Data to use below:

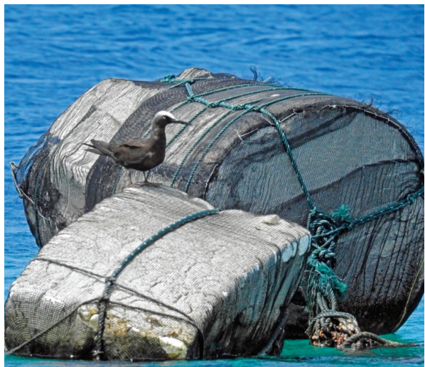
Figure 10. Black Noddy Anous minutus , off Rani, 6 August 2015

Status Occasional visitor. Seasonally common in New Guinea waters (Beehler & Pratt 2016); recently found breeding on the Hermit Islands (Bishop & Hacking 2020). 6 August 2015: an adult photographed off Rani (N. Voaden, eBird checklist S24512191; Fig. 10).
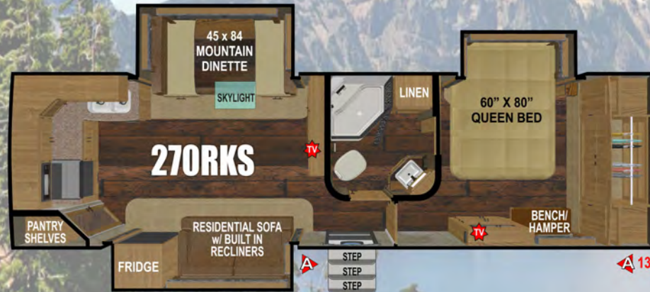
DRY WEIGHT: 8100 ~ FLOOR LENGTH: 29'
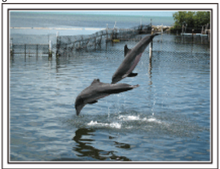
Photo by justthatgoodguyjim <u>Creative Commons Attribution-No Derivative Works 3.0</u> Video Playback in Progress

Shots with the eyes closed are often taken by accident. To reduce such mistakes, make use of the function to capture still images from videos. As videos are actually continuous recording of 60 still images within 1 minute, using this function allows you to select the best moment and save it as a still image.
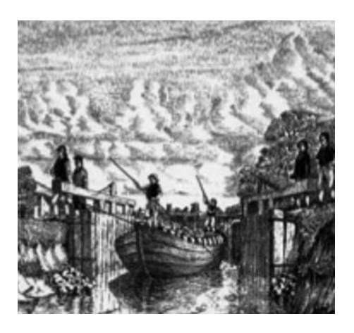
The river narrowboats at Parbold
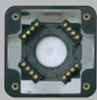
K56506WHI (COVER OFF)

End of Data to use.

Using the entries above, find all lines with "Rani". Copy them.

◆ Response to the task
Figure 10. Black Noddy Anous minutus , off Rani, 6 August 2015
Status Occasional visitor. Seasonally common in New Guinea waters (Beehler & Pratt 2016); recently found breeding on the Hermit Islands (Bishop & Hacking 2020). 6 August 2015: an adult photographed off Rani (N. Voaden, eBird checklist S24512191; Fig. 10).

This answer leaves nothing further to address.